What you need to do: Exact copy, no pictures: output each line below as it stands.

Start of Data records

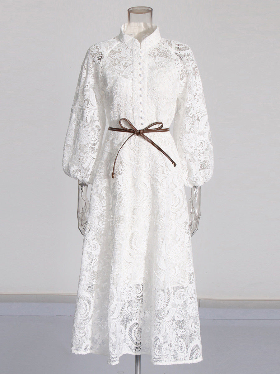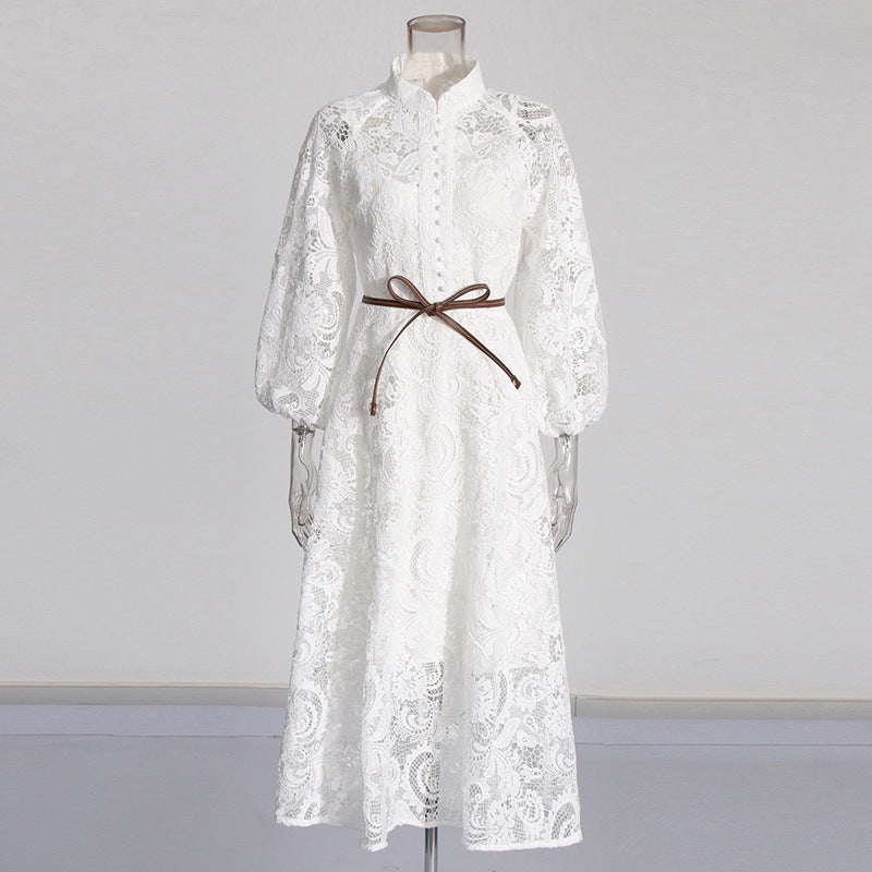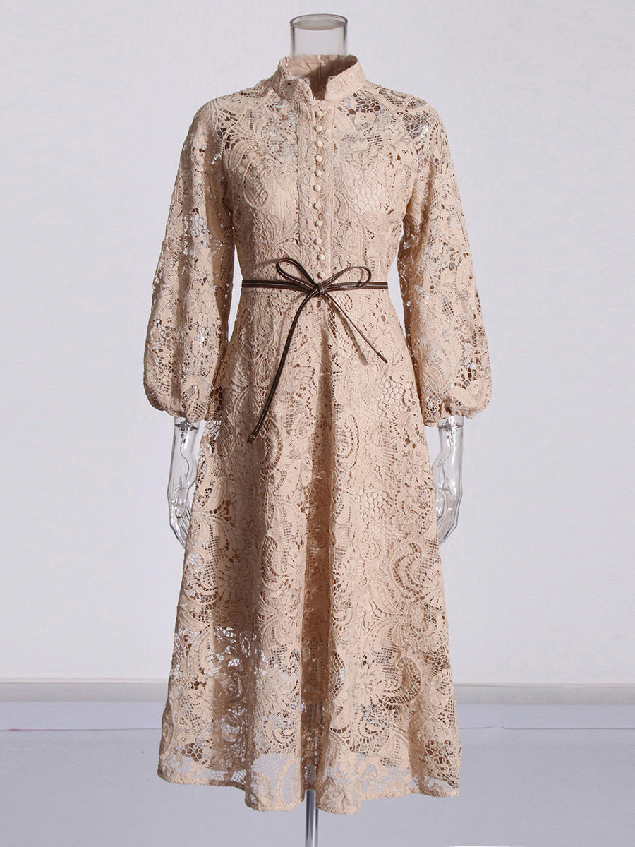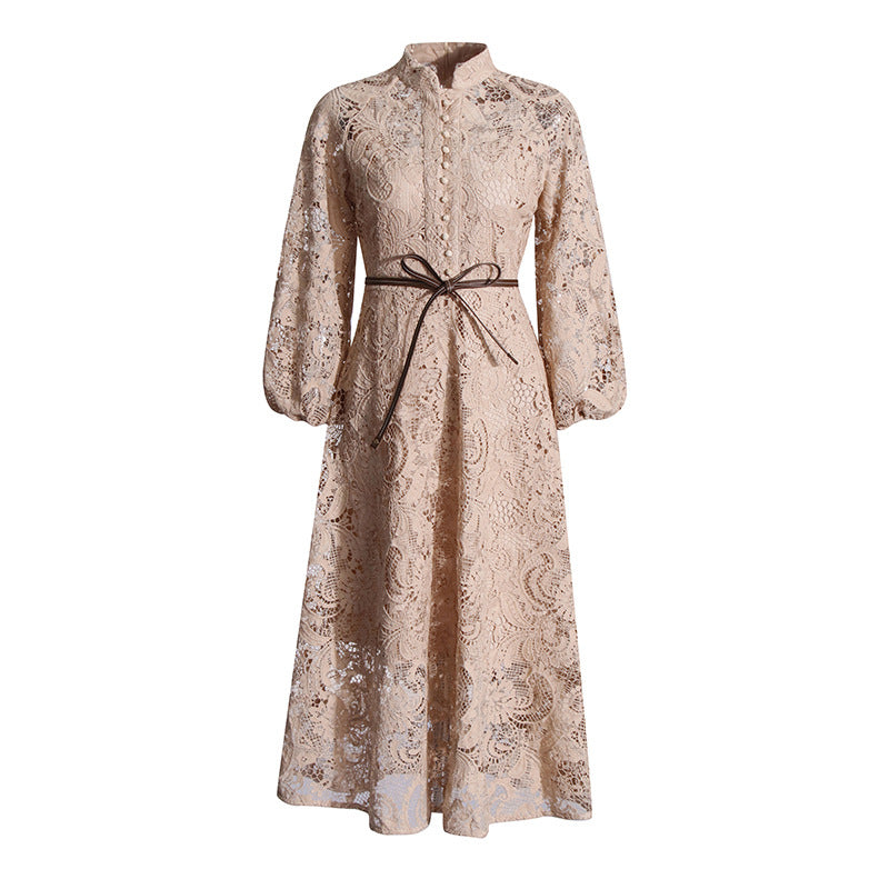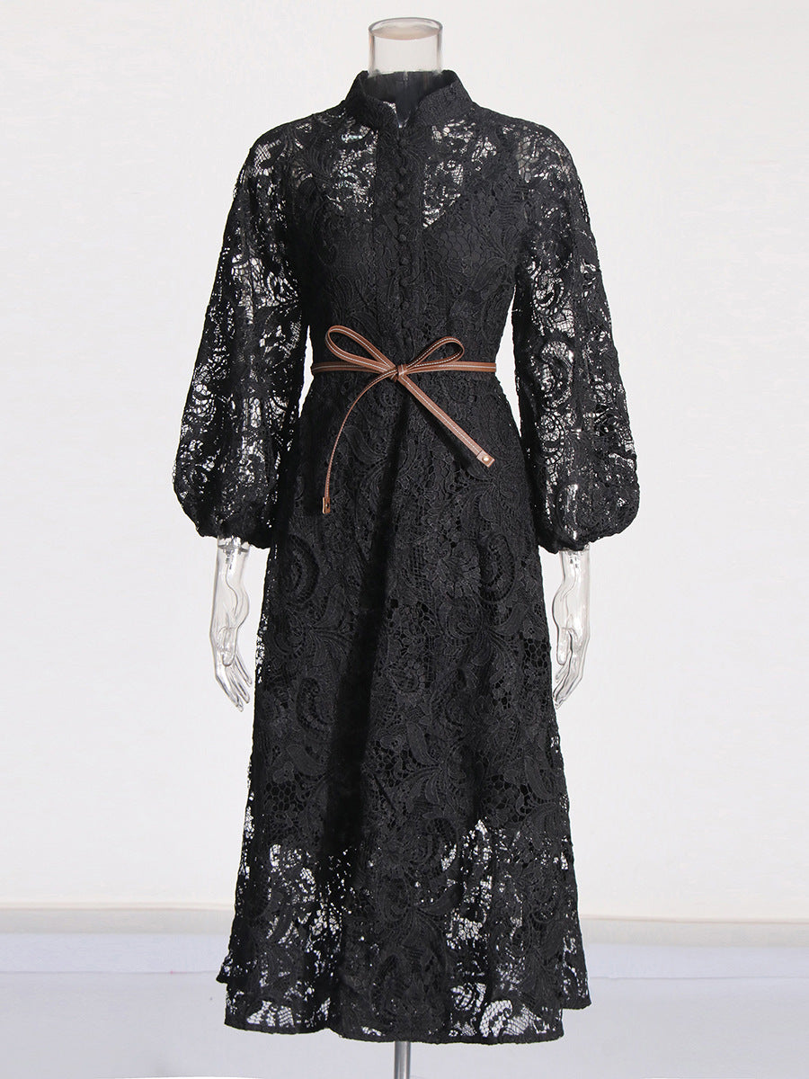 Elegant Retro Style Dress Woman 2025 Spring High-End Heavy Industry Lace Hollow Waist Dress
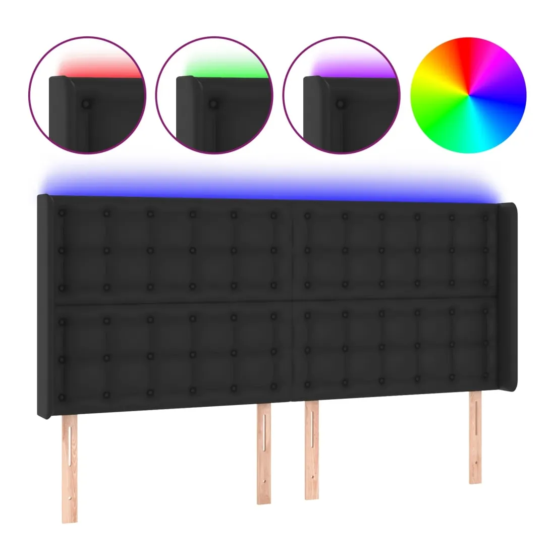 Cette tête de lit à LED classique, au design élégant, donne à votre cadre de lit une touche de modernité étonnante et convient parfaitement à toute chambre à coucher. Similicuir durable : le similicuir de qualité supérieure est un matériau très durable. Il est résistant aux taches, ce qui le rend facile à nettoyer avec un chiffon humide. La surface lisse donne également un aspect luxueux et la beauté du cuir véritable. LED colorée : apportez de l'éclairage dans l'obscurité avec des lumières LED colorées ! Hauteur réglable : la tête de lit est réglable en hauteur selon vos préférences. Excellent soutien : la tête de lit vous offre un excellent soutien du dos lorsque vous êtes assis dans votre lit pour lire ou regarder la télévision. Bande à LED découpable : cette bande à LED flexible pe
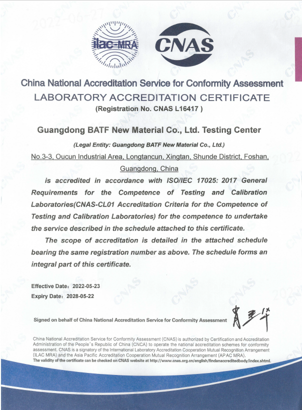 2、产品CNAS认证,必须由具备CNAS认证资质的实验室承接相关检测业务,并出具产品检测报告。巴德富获得CNAS认证,意味着巴德富出具的产品检测报告具有权威性、独立性、公正性、技术性、规范性、统一性、国际性等特征。
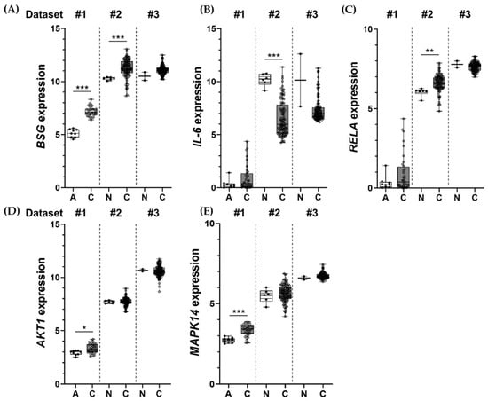 Expression profiles of BSG (A), IL-6 (B), RELA (C), AKT1 (D), and MAPK14 (E) in CCA tissues (C) compared to adjacent noncancerous tissues (A) or normal bile ducts (N) from 3 different datasets: #1 = TCGA-CHOL, #2 = GSE26566, and #3 = GSE89749. Normalized expression levels of individual samples are presented with individual dots; #1 = log2(FPKM+1), and #2 and #3 = log2 (quantile normalization). Dots represent an expression level from an individual sample. Bars indicate minimum to maximum levels. * p < 0.05, ** p < 0.01, *** p < 0.001.
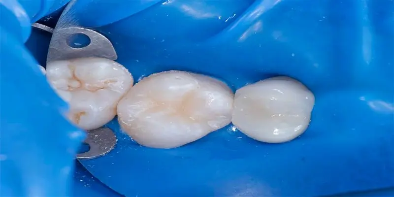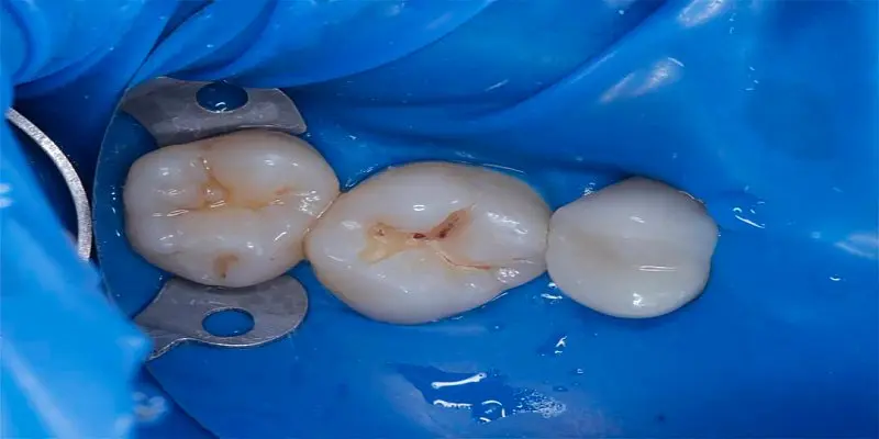 II класс — кариес на контактных поверхностях моляров и премоляров. Поражения этого типа затрагивают боковые поверхности жевательных зубов, что требует более тщательного подхода к лечению и пломбированию, особенно если повреждена контактная зона между зубами.

End of Data records

Answer space:
 Elegant Retro Style Dress Woman 2025 Spring High-End Heavy Industry Lace Hollow Waist Dress
 Cette tête de lit à LED classique, au design élégant, donne à votre cadre de lit une touche de modernité étonnante et convient parfaitement à toute chambre à coucher. Similicuir durable : le similicuir de qualité supérieure est un matériau très durable. Il est résistant aux taches, ce qui le rend facile à nettoyer avec un chiffon humide. La surface lisse donne également un aspect luxueux et la beauté du cuir véritable. LED colorée : apportez de l'éclairage dans l'obscurité avec des lumières LED colorées ! Hauteur réglable : la tête de lit est réglable en hauteur selon vos préférences. Excellent soutien : la tête de lit vous offre un excellent soutien du dos lorsque vous êtes assis dans votre lit pour lire ou regarder la télévision. Bande à LED découpable : cette bande à LED flexible pe
 2、产品CNAS认证,必须由具备CNAS认证资质的实验室承接相关检测业务,并出具产品检测报告。巴德富获得CNAS认证,意味着巴德富出具的产品检测报告具有权威性、独立性、公正性、技术性、规范性、统一性、国际性等特征。
 Expression profiles of BSG (A), IL-6 (B), RELA (C), AKT1 (D), and MAPK14 (E) in CCA tissues (C) compared to adjacent noncancerous tissues (A) or normal bile ducts (N) from 3 different datasets: #1 = TCGA-CHOL, #2 = GSE26566, and #3 = GSE89749. Normalized expression levels of individual samples are presented with individual dots; #1 = log2(FPKM+1), and #2 and #3 = log2 (quantile normalization). Dots represent an expression level from an individual sample. Bars indicate minimum to maximum levels. * p < 0.05, ** p < 0.01, *** p < 0.001.
 II класс — кариес на контактных поверхностях моляров и премоляров. Поражения этого типа затрагивают боковые поверхности жевательных зубов, что требует более тщательного подхода к лечению и пломбированию, особенно если повреждена контактная зона между зубами.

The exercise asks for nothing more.